Filmmaker Errol Morris is known for his probing documentaries. His breakout film The Thin Blue Line (1988) investigated the framing of an innocent man by a corrupt police force. In 2003, Morris won the Oscar for his film The Fog of War, an indepth look at former U.S. Secretary of Defense Robert McNamara and the quagmire of U.S. military intervention in Vietnam.
Now, Morris has turned his investigative lens on the Trump administration’s “zero-tolerance” border enforcement policy that separated immigrant families and put children in cages. His film, Separated, weaves together interviews with administration officials, government emails and re-enactments for a forensic look at the Trump administration’s child separation policy, and how it could happen again if Trump is elected again.
Trump kicked off his 2016 presidential campaign railing against illegal immigrants, whom he accused of bringing drugs and crime to America. While these accusations are false and abhorrent, Trump’s anti-immigrant rhetoric was well received at his rallies. Campaign adviser and future administration official Stephen Miller was largely responsible for this xenophobic and nativist platform, which amplified Trump’s own racist views.
Started on day one
Once Trump was elected, the administration, with Miller ‘s guidance, began implementing anti-immigration policies right out of the gate, including the “Muslim travel ban,” the end of Deferred Action for Childhood Arrivals program, and pilot programs for border enforcement in El Paso, Texas, and Yuma, Ariz., which included child separation.
“What amazed me is that separation started almost as soon as (Trump) assumed the presidency,” Morris said in an interview with Variety. “They were separating families from the very, very, very, very beginning, and denying it, denying that they were doing it, because they realized that these policies were wrong or embarrassing or politically problematic.”
Under orders from the Department of Homeland Security, border officials in El Paso detained and criminally charged parents who crossed the border illegally. This was true even if it was their first border crossing violation (formerly a misdemeanor), and even if migrants arrived at official ports of entry. Customs and Border Protection officers seized any young children who came with their parents, reclassified them as “unaccompanied,” and sent them to one of the hundred Office of Refugee Resettlement shelters around the country.
The government had no plan in place to reunite these children with their parents.
“They created a situation where the records are paltry or nonexistent,” Morris said. “At the heart of this film is not so much a migrant story, but a story of a bureaucracy and an administration.”
Testimony from a career official
Jonathan White was one of the few government officials willing to be interviewed in Separated about the child separation policy.

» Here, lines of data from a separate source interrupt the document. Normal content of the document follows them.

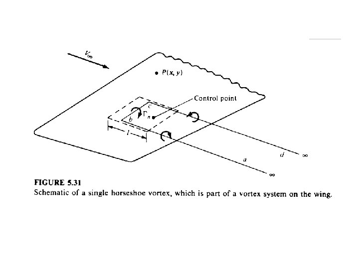 Vórtice em ferradura • • Vamos construir as componentes da velocidade normal induzida por um vórtice em ferradura integrando as contribuições dos três filamentos 1º - filamento ligado entre os pontos A e B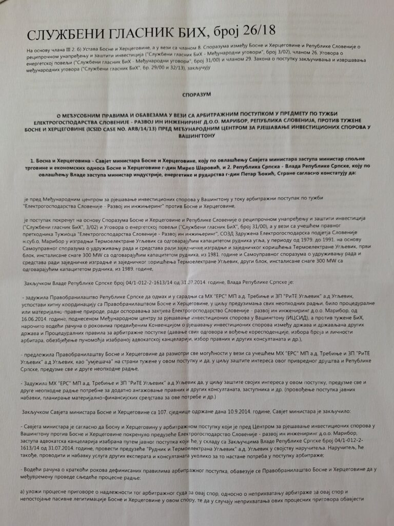 „Послије губитка од око 110 милиона марака усљед губитка арбитражног спора од фирме ‘Вијадукт’ и послије потенцијалне исплате фирми ‘Комсар енерџи’ од 240 милиона марака, у Вашингтону се води нови спор против Републике Српске по тужби Електрогосподарства Словеније у износу од око 695 милиона евра“, наводи Бодирога.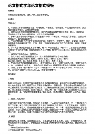 论文格式学年论文格式模板论文概述:本文是论文格式指导,介绍了学年论文格式模板。论文正文:印刷格式1。毕业论文的写作顺序为:标题、作者班级、作者姓名、导师姓名、中文摘要和关键词、英文摘要和英文关键词、正文和参考文献。2。附表的标题应写在表格顶部并居中。图纸的标题应该写在图纸的底部,居中。根据表格、图表和公式在论文中出现的顺序,对它们分别进行编号。3。参考文献的写作格式严格按以下顺序排列:序号、作者姓名、书名(或文章名称)、出版社(或期刊名称)、出版或出版时间。4。字体:各种标题(“”包括参考标题)...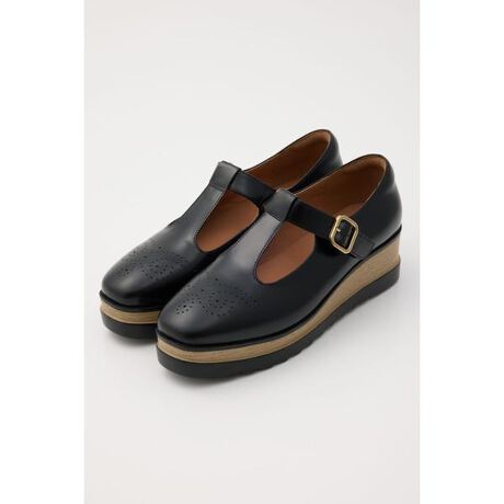 [型番:350IA148-8130]≪STACCATO定番≫シーズンレスで大活躍してくれる、足元盛れる大人気の厚底シューズに待望の黒ソールが新登場。ウッド調ウェッジ×ブラックのシャークソールがモードで落ち着いた印象に。ブリティッシュテイストなTストラップデザインが甲部分を支えてくれ安定感もあり、ちらりと覗くカラーソックス合わせもおすすめです。フェミニンなコーディネートからマニッシュなスタイルにも相性抜群です。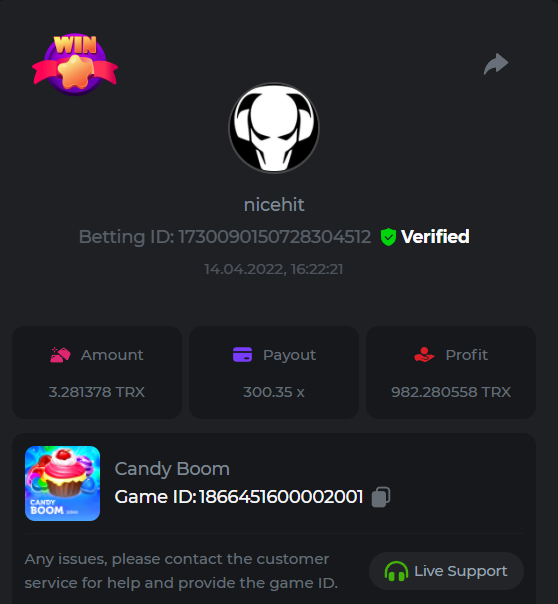 • If the player submits multiple winning entries for the same game, the entry with the highest multiplier will be valid.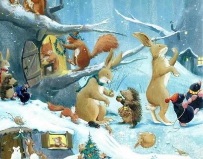 Εμείς δεν το βλέπουμε αλλά τις ημέρες που ονομάζουμε γιορτές υπάρχει και στα δάση μια έντονη δραστηριότητα. Τα ζώα στολίζουν, μαγειρεύουν πουτίγκες και γλυκά, τυλίγουν δώρα και γενικώς συμμετέχουν στον γενικό οργασμό. Τώρα στο πρώτο δισέλιδο μπορούμε να ρίξουμε μια κλεφτή ματιά: μικροσκοπικά και θεόρατα δέντρα στολίζονται, παράθυρα διακοσμούνται, καλάθια γεμίζουν κι όλοι οι ένοικοι του δάσους χαμογελούν.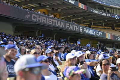 “We like the Dodgers, but we also wanted to support the fact that they’re promoting Christianity,” said Cindy Carcedo, whose family of five came to the game, “because I feel like our faith is so strong, but to hear it coming from the players and knowing that we’re all in this together, it just makes it so much stronger.”
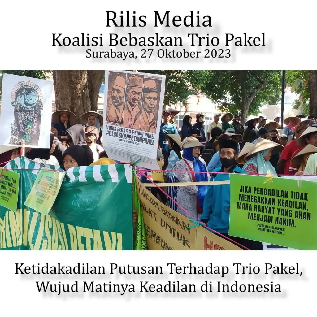 Kamis, 26 Oktober 2023 Pengadilan Negeri Banyuwangi kembali menorehkan catatan hitam, majelis hakim yang bertugas menjatuhkan vonis tidak manusiawi kepada tiga warga dari Desa Pakel, Kecamatan Licin, Kabupaten Banyuwangi. Vonis sejumlah 5 tahun 6 bulan dengan tuduhan menyebarkan berita bohong sehingga mengakibatkan keonaran, di tengah bukti yang lemah dan kondisi desa yang tengah dilanda konflik agraria adalah keputusan gegabah.
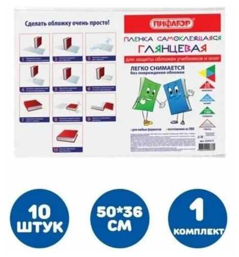 Пифагор Пленка самоклеящаяся для учебников и книг 10 шт 50х36 см, 100 мкм, глянцевая 224317

“The Unaccompanied Children program, which I worked in, was essentially hijacked for a purpose for which it was never intended nor authorized in law,” he explains. A career officer in the U.S. Public Health Service Commissioned Corps and an expert in childhood trauma, White was appointed deputy director of the ORR before Trump took office. Unaware the pilot program already was up and running, he warned the Trump administration that separating families would cause psychological harm to children and that the ORR shelters could not accommodate an influx of young children.
Trump and his advisers ignored White’s report.
“Harm to children was part of the point. They believed it would terrify families into not coming.”
“Harm to children was part of the point,” he says. “They believed it would terrify families into not coming.”
After interviewing White for his documentary, Morris believes the motivation behind the policy was simpler. “They’ll say it’s for the purpose of deterrence: ‘We’re going to send a signal to people in Central America who might be thinking of making the trek north to the Mexico/U.S. border. And this will tell them what they’re facing if they choose to make the trip and choose to cross the border.’ I don’t even believe that. I believe there’s some deep satisfaction that comes from just plain garden variety meanness and cruelty. Is this fascism in some form, if fascism is demonizing other people? Well, yes, it is.”
White left the ORR in March 2018, and two months later the administration went forward with the plan to separate families at the border.
Jeff Sessions joins the fray
U.S. Attorney General Jeff Sessions announced the Trump administration’s “zero-tolerance” border policy, saying: “If you cross the border unlawfully … then we will prosecute you. If you smuggle an illegal alien across the border, then we’ll prosecute you. … If you’re smuggling a child, then we’re going to prosecute you, and that child will be separated from you, probably, as required by law.”
But the Department of Justice had no intention of limiting child separation to victims of child trafficking. Just as they had done in El Paso and Yuma, they separated migrant children crossing the border from their own families and dispatched them to shelters.
Another person featured in the film is NBC News correspondent Jacob Soboroff, whose 2020 book Separated: Inside an American Tragedy inspired Morris’ film. Soboroff was one of several journalists to visit a detention facility in McAllen, Texas, where children were being held in cages made of metal fencing.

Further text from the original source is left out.